A single terraform destroy can take a GCS bucket — and three years of parquet — with it. This project uses three layered guards, each blocking a different category of mistake.

Layer 1: prevent_destroy blocks at plan time

1
2
3
4
5
6
resource "google_storage_bucket" "data_lake_bucket" {
# ...
lifecycle {
prevent_destroy = true
}
}

Effect: any terraform plan that shows a destroy/replace on this bucket fails immediatelyapply never even gets a chance.

When to use: resources that “should never be deleted” — data buckets, production datasets, KMS keys.
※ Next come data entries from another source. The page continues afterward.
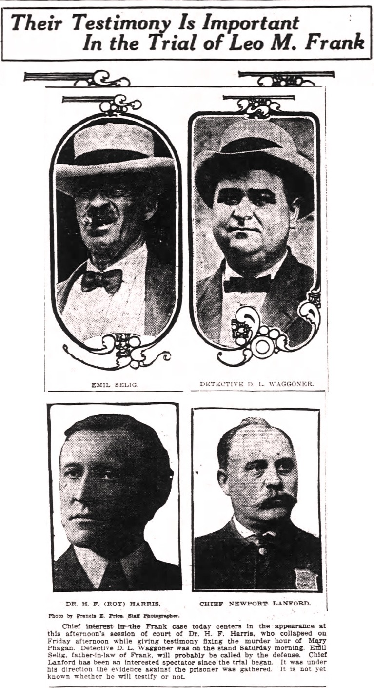 Chief interest in the Frank case today centers int eh appearance at this afternoon's session of court of Dr. H. F. Harris, who collapsed on Friday afternoon while giving testimony fixing the murder hour of Mary Phagan. Detective D. L. Waggoner was on the stand Saturday morning. Emil Selig, father-in-law of Frank, will probably be called by the defense. Chief Lanford has been an interested spectator since the trial began. It was under his direction the evidence against the prisoner was gathered. It is not yet known whether he will testify or not.
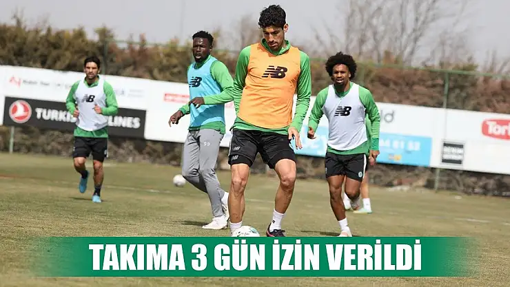 Giresunspor beraberliği sonrası haftayı ligden çekilen Hatayspor nedeniyle zorunlu bay geçecek olan Konyaspor'da futbolculara 3 gün izin verildi. Yeşil beyazlılar 17 Mart'ta oynayacakları Galatasaray maçı için hazırlıklarını çarşamba günü 17.30'da gerçekleştirecek.
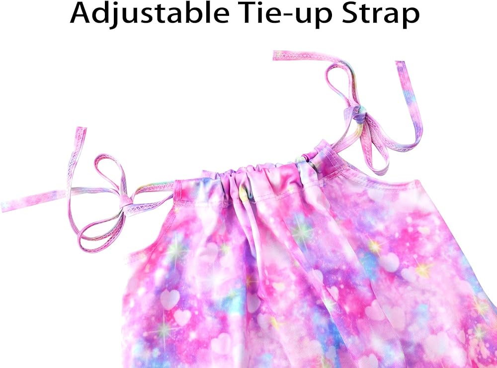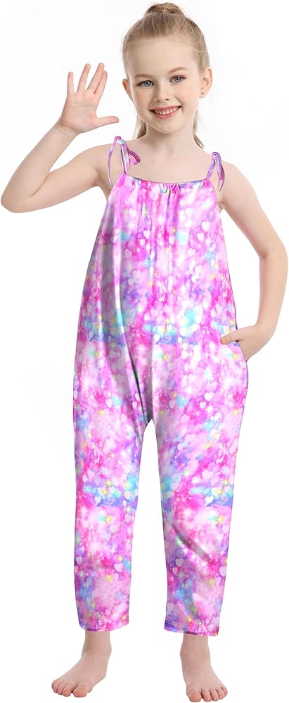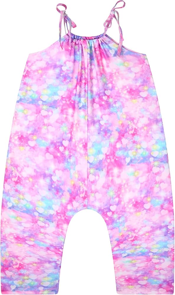 Girls' jumpsuits, polyester fabric, comfortable and breathable, soft fabric to protect the baby's delicate skin, with good elasticity, for children's free running to provide comfortable wearing experience. The girl's backless rompers has a unique design, adjustable strap for children to adjust the tightness, strap design to make children cute and stylish, 2 side pockets to provide convenience, easy storage. The adjustable strap girls' jumpsuits has classic colorful prints, donuts, rainbow leopard print, beauty fish scales, neon hearts, etc., so that children can release their nature and feel the changing style.
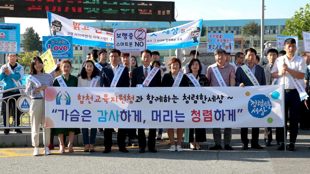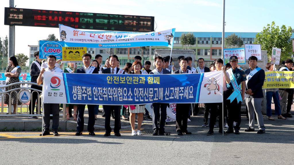 합천군(군수 문준희)은 지난 17일 합천중학교 앞에서 합천군, 합천경찰서, 합천교육지원청 관계공무원 및 합천중·고 선생님과 재학생, 청소년상담복지센터 등 관련기관 60여명이 참여한 가운데 학교폭력 근절을 위한 ‘안전하고 행복한 학교만들기 합동캠페인’을 펼쳤다.
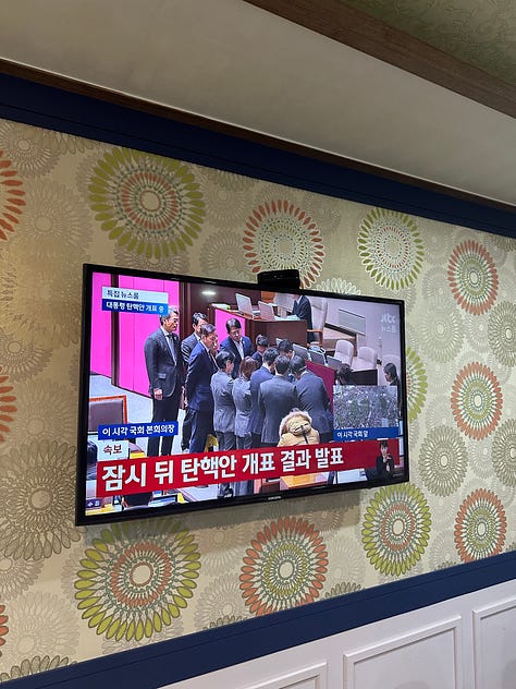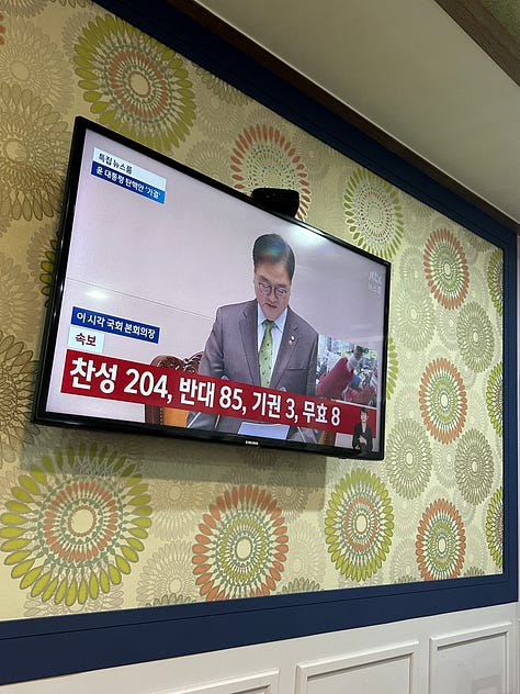 Then, I noticed a live screen showing a broadcast from the National Assembly in Seoul. “Hey, this must have something to do with an important decision about President Yoon’s status”. My instincts were right! After texting Jeong Soo to confirm, she explained that they were awaiting the results of the impeachment vote against Yoon Suk-Yeol’s presidency.

Cost: when you legitimately want to delete it, you must first comment the line out and re-apply. The extra ceremony is the point.

Layer 2: allow_destroy variable blocks data loss

1
2
3
4
5
6
7
8
9
resource "google_storage_bucket" "data_lake_bucket" {
# ...
force_destroy = var.allow_destroy
}

resource "google_bigquery_dataset" "nyc_taxi_dataset" {
# ...
delete_contents_on_destroy = var.allow_destroy
}
1
2
3
4
5
variable "allow_destroy" {
description = "When true, allows `terraform destroy` to wipe the bucket/dataset contents. Keep false in prod."
type = bool
default = false
}

With force_destroy = false, GCS refuses to delete a bucket that still has objects. The provider default is actually true, so you have to opt out explicitly.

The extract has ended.